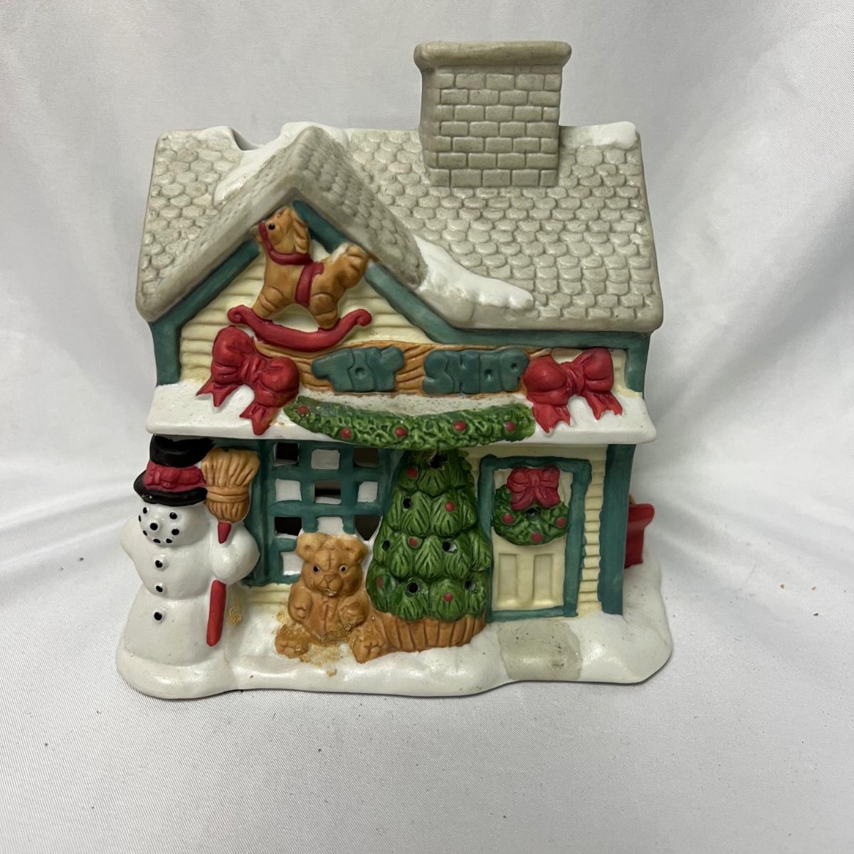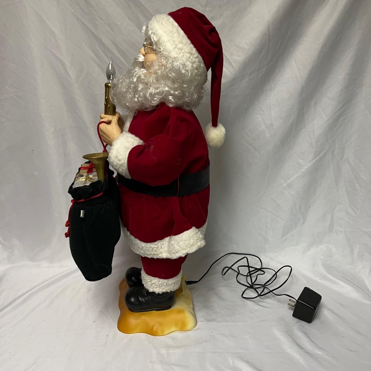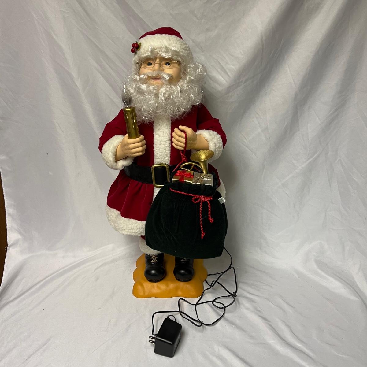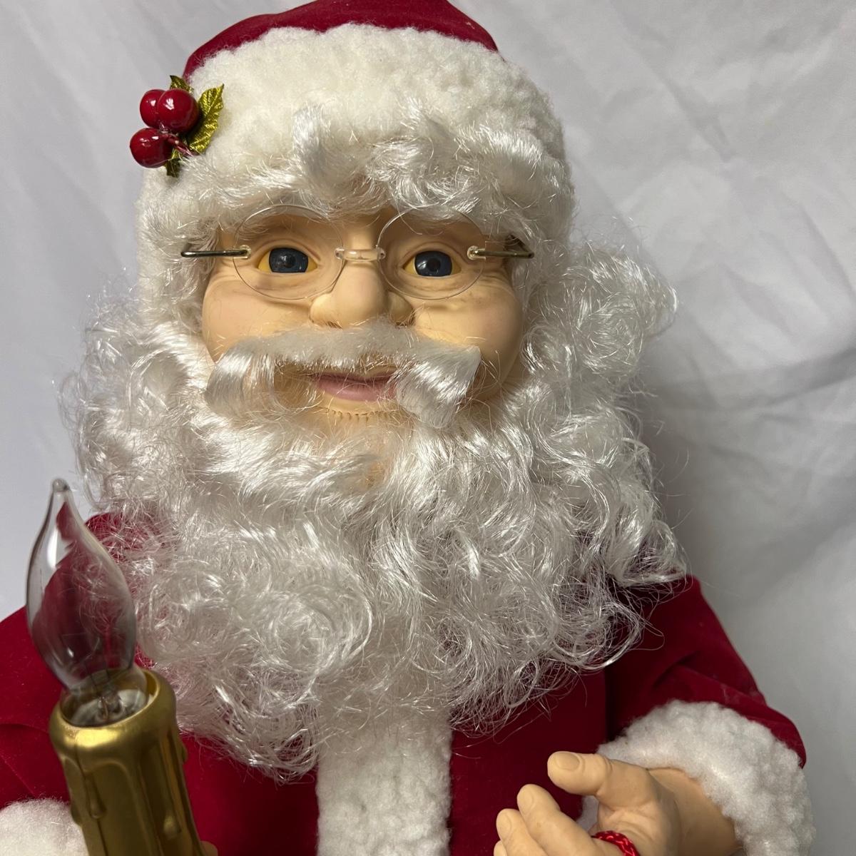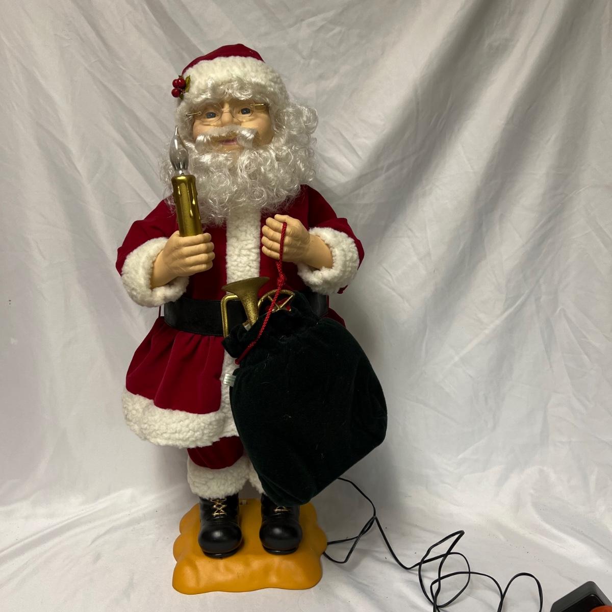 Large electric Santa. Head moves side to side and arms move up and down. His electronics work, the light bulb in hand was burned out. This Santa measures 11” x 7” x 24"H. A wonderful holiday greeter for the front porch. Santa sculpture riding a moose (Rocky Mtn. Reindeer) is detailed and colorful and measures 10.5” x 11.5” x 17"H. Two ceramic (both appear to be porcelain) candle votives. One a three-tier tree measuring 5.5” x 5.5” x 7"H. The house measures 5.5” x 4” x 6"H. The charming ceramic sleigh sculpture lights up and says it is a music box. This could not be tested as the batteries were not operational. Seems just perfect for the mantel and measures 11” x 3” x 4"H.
---
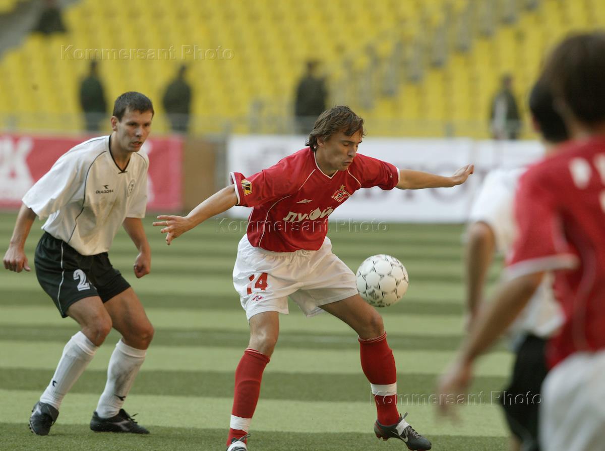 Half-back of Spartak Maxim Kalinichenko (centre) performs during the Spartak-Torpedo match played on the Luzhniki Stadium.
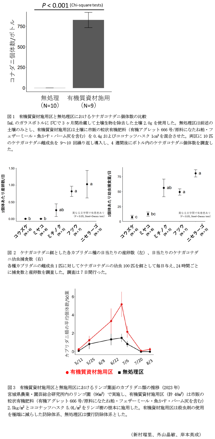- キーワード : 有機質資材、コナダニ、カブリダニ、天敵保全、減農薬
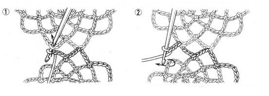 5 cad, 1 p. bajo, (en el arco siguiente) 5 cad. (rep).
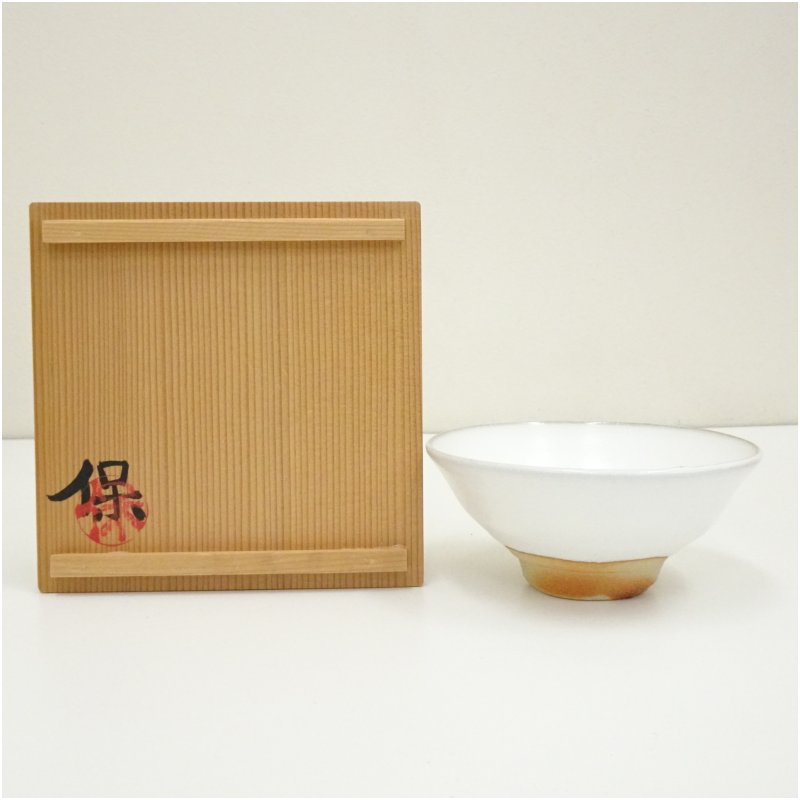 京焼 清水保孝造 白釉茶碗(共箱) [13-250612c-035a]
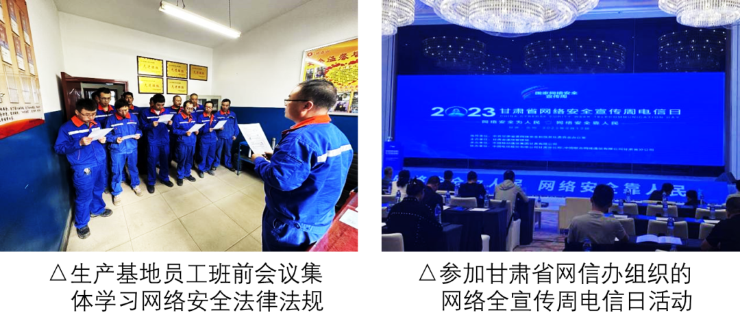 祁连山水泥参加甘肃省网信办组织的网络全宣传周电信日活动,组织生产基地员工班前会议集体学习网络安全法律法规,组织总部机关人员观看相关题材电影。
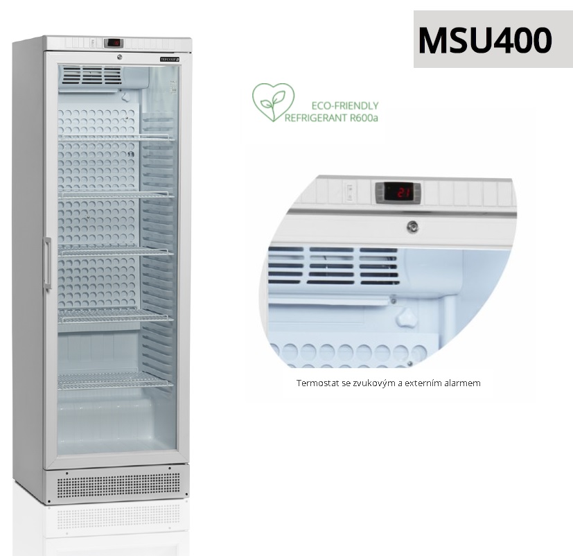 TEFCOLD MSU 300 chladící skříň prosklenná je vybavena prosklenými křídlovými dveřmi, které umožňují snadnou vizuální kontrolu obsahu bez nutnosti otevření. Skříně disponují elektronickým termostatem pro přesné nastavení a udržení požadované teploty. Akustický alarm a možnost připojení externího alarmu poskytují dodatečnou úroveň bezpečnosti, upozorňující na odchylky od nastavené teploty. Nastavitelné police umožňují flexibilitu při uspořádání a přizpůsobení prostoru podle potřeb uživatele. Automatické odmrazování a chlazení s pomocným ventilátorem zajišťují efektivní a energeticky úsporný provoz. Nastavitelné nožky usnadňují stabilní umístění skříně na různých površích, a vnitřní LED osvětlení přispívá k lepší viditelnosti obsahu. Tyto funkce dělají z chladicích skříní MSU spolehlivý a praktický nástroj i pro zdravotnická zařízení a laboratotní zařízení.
--
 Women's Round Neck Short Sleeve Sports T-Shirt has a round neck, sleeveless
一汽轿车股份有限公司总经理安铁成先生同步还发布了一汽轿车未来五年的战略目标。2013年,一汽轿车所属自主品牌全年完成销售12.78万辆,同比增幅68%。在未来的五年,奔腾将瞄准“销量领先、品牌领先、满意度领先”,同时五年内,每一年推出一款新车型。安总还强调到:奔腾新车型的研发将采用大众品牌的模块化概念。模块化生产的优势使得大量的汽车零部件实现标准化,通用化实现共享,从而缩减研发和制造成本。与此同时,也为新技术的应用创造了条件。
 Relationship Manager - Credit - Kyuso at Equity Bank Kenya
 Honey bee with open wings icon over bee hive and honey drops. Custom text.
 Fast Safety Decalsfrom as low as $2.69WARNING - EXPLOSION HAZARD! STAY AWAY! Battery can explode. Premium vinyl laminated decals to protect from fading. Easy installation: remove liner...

- **Problem statement**
Skipping every picture, transcribe exactly the lines above from the one containing "Half-back of Spartak" through the one containing "祁连山水泥参加甘肃省网信办组", both included.

- **Answer area**
 Half-back of Spartak Maxim Kalinichenko (centre) performs during the Spartak-Torpedo match played on the Luzhniki Stadium.
- キーワード : 有機質資材、コナダニ、カブリダニ、天敵保全、減農薬
 5 cad, 1 p. bajo, (en el arco siguiente) 5 cad. (rep).
 京焼 清水保孝造 白釉茶碗(共箱) [13-250612c-035a]
 祁连山水泥参加甘肃省网信办组织的网络全宣传周电信日活动,组织生产基地员工班前会议集体学习网络安全法律法规,组织总部机关人员观看相关题材电影。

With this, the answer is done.